**Exercise directions**
Restate the whole of the data below word for word, skipping the images.

Data extracted from a collection
◆ ◆ ◆

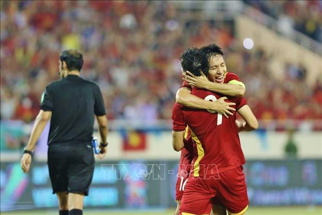 Các cầu thủ U23 Việt Nam ăn mừng bàn thắng - Ảnh: TTXVN |
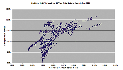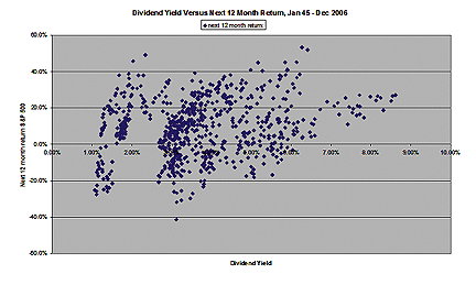 At any rate, since dividends are by definition part of total return (although in fairness, I looked mostly at changes in the S&P 500 excluding dividends), it should be no surprise that dividend yield would be correlated with subsequent return. This observation, of course, must be tempered with the observation that extremely high dividend yields sometimes signal a company in distress that must be forced to slash or eliminate the dividend, and that may suffer a loss in share price that would offset dividends collected during the holding period. Establishing correlation is not necessary if the independent variable is part of the dependent variable; the question is only whether an efficient market corrects for aberrantly high or low dividends, "correctly" driving down share prices of distressed companies (or a distressed market of stocks) to reflect poor future returns. The historical record seems an unequivocal no; investors who drive down share prices, driving up yields, have overshot to the downside. Conversely, optimistic investors who drive share prices up to excessively relative to dividend yields are incorrect in their assumption that paltry dividend yields will be offset by proportionally greater returns from capital gains.
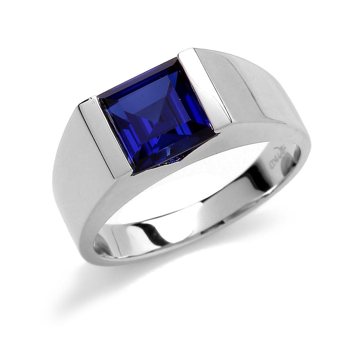 Silver Blue Square CZ Bar Set Square Solitaire Signet Ring - GVR751
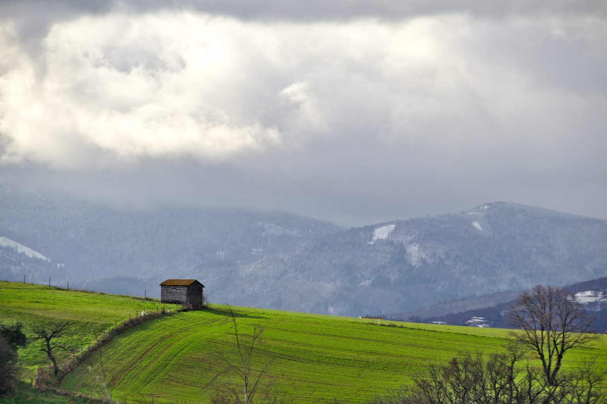 belle composition du champs à la cabane, un petit traitement des contreforts du Pilat pourrait les rendre plus présent .
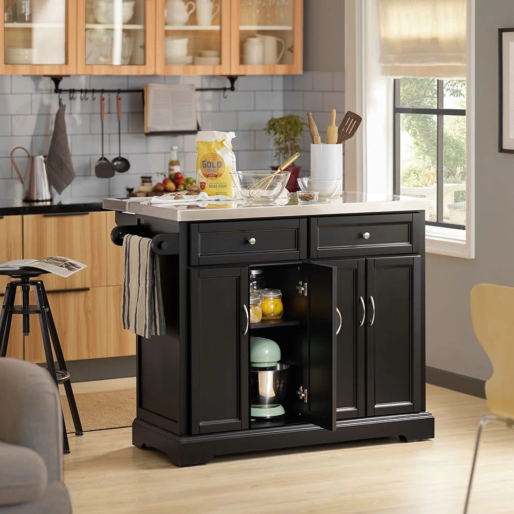 Ausgestattet mit einem Handtuchhalter, zwei geschlossenen Schubladen und zwei Geschirrschränken mit Türen, in denen Sie viele Utensilien verstauen können.
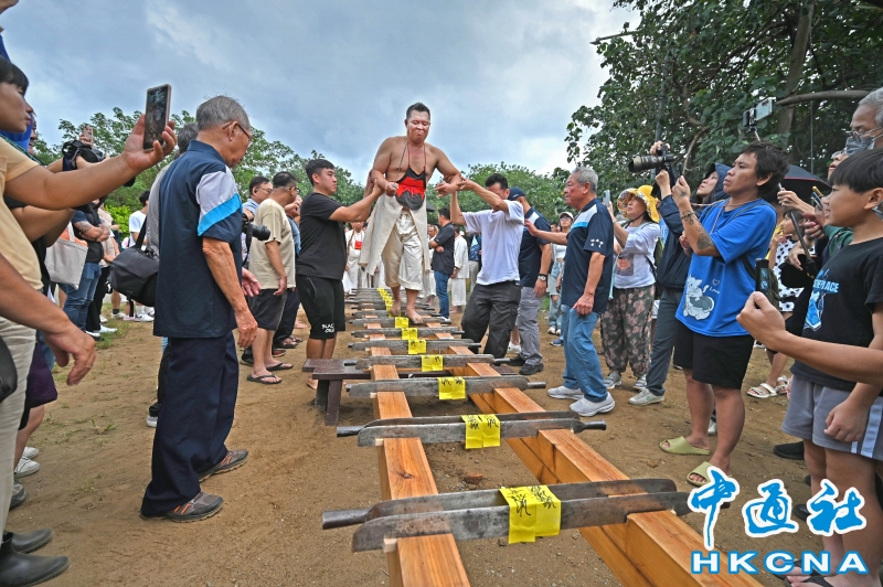 台灣新北市沙崙保安廟舉行過火、過刀橋活動分享到:
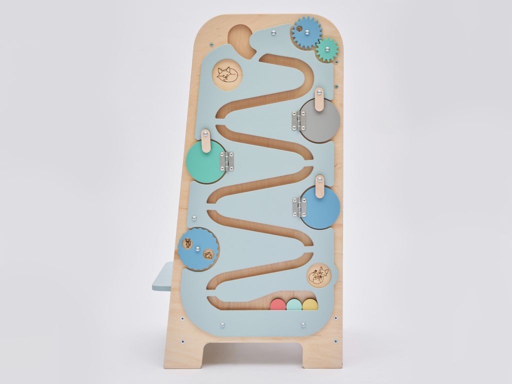 Jedna z bočních stran rostoucí učící věže je velkým activity boardem s kuličkovou dráhou, druhá pak představuje velkou kreslící tabuli pro kreslení křídami.

◆ ◆ ◆

**Written answer**
 Các cầu thủ U23 Việt Nam ăn mừng bàn thắng - Ảnh: TTXVN |
 At any rate, since dividends are by definition part of total return (although in fairness, I looked mostly at changes in the S&P 500 excluding dividends), it should be no surprise that dividend yield would be correlated with subsequent return. This observation, of course, must be tempered with the observation that extremely high dividend yields sometimes signal a company in distress that must be forced to slash or eliminate the dividend, and that may suffer a loss in share price that would offset dividends collected during the holding period. Establishing correlation is not necessary if the independent variable is part of the dependent variable; the question is only whether an efficient market corrects for aberrantly high or low dividends, "correctly" driving down share prices of distressed companies (or a distressed market of stocks) to reflect poor future returns. The historical record seems an unequivocal no; investors who drive down share prices, driving up yields, have overshot to the downside. Conversely, optimistic investors who drive share prices up to excessively relative to dividend yields are incorrect in their assumption that paltry dividend yields will be offset by proportionally greater returns from capital gains.
 Silver Blue Square CZ Bar Set Square Solitaire Signet Ring - GVR751
 belle composition du champs à la cabane, un petit traitement des contreforts du Pilat pourrait les rendre plus présent .
 Ausgestattet mit einem Handtuchhalter, zwei geschlossenen Schubladen und zwei Geschirrschränken mit Türen, in denen Sie viele Utensilien verstauen können.
 台灣新北市沙崙保安廟舉行過火、過刀橋活動分享到:
 Jedna z bočních stran rostoucí učící věže je velkým activity boardem s kuličkovou dráhou, druhá pak představuje velkou kreslící tabuli pro kreslení křídami.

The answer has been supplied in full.